I have tried various Sun JVM versions, including u18, with the same results. One interesting thing to note is that this is related to the JBossWS stack. When I turn off all web service access to my SLSBs and hit the cluster only via RMI, the leak goes away. If anyone has any ideas as to what may cause a native (non Java heap/non java Permgen) leak in this scenario, please pass it on, even if it is a brainstorm.
I will try to create a simple dummy application and web service client which reproduces the problem. Unfortunatly I was unable to get the JVM running under valgrind, even following this FAQ: http://valgrind.org/docs/manual/faq.html#faq.java
VisualVM, which comes with JDK 6, has some decent tools for tracking down memory leaks. It might help you pinpoint where the leak i, and if it really is related to web services you could submit a JIRA.
Oh, the other thing you should do is check the latest JBossWS releases to see if any of them fixes a memory leak.
I'm not 100% sure offhand what is involved in the code path for JBossWS, but maybe check and see if direct buffer space is being exhausted?
I have finally found a workaround, using the standard OpenJDK that comes with Centos 5: java-1.6.0-openjdk-188.8.131.52-1.7.b09.el5. Using this JDK fixes the leak completely. VIRT size stabilizes at 1833M, which is exactly what I would expect. So I have no idea if this version of OpenJDK contains a fix, or the newer commercial JDKs from Sun contain a regression - as I still see the problem with JDK 6 update 19.
The crazy part is that no one else seems to have had such a problem. My application is rather busy - up to 50 transactions/second, but it still confounds that no one else seems to see this native leak. Anyway, thanks for your replies. I would still like to figure out what is going on, but for now, I will just be happy I have found a way to stabilize my cluster.
I'm wondering if you ever got to the bottom of this. I'm seeing the same thing in 1.6.0_26 (I know, that's pretty old) and only with an application that receive lots of GETs on our Netty server. I checked lsof on a long running vs new application and it doesn't look like we're leaking file handles (connections). So feels JVM level.
Did you upgrade to JDK7 or use OpenJDK to fix this?
I would analyze the heap first, if that is fruitless look into JDK 1.6 latest update and if that still doesn't help move to JDK 1.7.
I recently found this issue at:
approximately 1/3 down the page, states that:
Do not Use Hypersonic in ProductionAlthough Hypersonic configuration is used as the default persistence configuration, Hypersonic is not suitable or supported in production due to the following known issues:
- no transaction isolation
- thread and socket leaks (
connection.close()does not tidy up resources)
- persistence quality (logs commonly become corrupted after a failure, preventing automatic recovery)
- database corruption
- stability under load (database processes cease when dealing with too much data)
- not viable in clustered environments
The Hypersonic database is intended for developing and testing purposes and should not be used in a production environment.
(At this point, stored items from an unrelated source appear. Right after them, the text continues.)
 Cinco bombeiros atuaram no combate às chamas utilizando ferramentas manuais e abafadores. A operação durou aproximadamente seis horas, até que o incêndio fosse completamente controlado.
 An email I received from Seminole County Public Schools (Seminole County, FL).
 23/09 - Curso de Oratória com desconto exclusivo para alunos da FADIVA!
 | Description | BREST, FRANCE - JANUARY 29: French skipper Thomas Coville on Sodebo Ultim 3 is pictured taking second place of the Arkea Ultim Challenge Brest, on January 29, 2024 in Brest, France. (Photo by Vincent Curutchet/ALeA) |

For more information about recommended databases, refer to the Using Other Databases chapter in the Getting Started Guide.
So you may want to switch to a different JMS sql store, if this is a production server.
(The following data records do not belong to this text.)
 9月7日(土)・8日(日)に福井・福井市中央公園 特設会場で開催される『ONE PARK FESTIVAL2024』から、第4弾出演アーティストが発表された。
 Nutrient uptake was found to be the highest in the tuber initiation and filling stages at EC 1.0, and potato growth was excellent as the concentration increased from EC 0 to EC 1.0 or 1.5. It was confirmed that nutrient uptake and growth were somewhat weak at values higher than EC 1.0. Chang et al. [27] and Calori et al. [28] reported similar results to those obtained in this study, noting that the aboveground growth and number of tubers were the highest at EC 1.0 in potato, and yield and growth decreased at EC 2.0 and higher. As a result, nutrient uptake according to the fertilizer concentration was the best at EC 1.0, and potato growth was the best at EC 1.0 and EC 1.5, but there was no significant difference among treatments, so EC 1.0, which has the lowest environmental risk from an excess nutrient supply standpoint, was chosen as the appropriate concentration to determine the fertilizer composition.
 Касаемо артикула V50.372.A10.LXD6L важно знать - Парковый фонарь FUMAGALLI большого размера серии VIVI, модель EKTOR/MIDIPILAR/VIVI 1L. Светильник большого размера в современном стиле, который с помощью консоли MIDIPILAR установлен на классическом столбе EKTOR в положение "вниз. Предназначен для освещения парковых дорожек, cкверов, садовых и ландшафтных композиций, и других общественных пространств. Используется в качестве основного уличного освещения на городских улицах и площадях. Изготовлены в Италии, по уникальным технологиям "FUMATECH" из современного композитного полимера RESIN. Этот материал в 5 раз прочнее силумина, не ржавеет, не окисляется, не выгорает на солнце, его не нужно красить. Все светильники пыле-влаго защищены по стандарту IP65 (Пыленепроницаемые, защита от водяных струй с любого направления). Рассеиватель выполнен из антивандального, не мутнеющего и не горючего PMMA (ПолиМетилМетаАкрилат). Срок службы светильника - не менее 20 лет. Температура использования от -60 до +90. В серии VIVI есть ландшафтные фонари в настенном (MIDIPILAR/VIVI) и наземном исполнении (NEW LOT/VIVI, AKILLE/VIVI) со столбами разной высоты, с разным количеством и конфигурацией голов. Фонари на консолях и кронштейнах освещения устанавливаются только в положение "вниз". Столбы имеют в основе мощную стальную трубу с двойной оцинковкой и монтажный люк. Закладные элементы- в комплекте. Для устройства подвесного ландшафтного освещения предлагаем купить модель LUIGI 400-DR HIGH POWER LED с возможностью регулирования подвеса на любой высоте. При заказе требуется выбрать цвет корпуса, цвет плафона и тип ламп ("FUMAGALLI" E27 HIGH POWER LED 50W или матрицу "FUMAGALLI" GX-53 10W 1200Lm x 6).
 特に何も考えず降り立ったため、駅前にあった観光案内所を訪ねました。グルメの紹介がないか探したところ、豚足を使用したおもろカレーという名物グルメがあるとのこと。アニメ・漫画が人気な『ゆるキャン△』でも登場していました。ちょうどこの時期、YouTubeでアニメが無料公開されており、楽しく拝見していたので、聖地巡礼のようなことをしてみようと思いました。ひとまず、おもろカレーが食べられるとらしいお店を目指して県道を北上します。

"The crazy part is that no one else seems to have had such a problem."
I have a desktop app (not a JBOSS server app, but a very complicated multithreaded app in industrial automation) running on Centos and I experienced something like Jon's problem: running on Centos, large memory allocation climb bogging down the app while used memory stays flat and at reasonable level. I was about to try Jon's fix of reverting to the Centos OpenJDK instead of the Oracle JVM I'm using when I noticed some objects in the heap spiking up in count fairly high before getting released and garbage collected. I'm talking about spikes of a few thousand small objects in a Hashtable. If I had taken more data perhaps I would have found large spikes of several hundred MB; I don't know. I changed the algorithm in my code so as not to have more than ten or twenty such objects at a time instead of thousands. The allocated memory issue disappeared. Is the JVM getting spooked by spikes in used memory, allocating too much memory, not decreasing the allocating after the spike disappears, and then bogging down the app? Does the Centos OpenJDK Jon used handle such spikes more skillfully?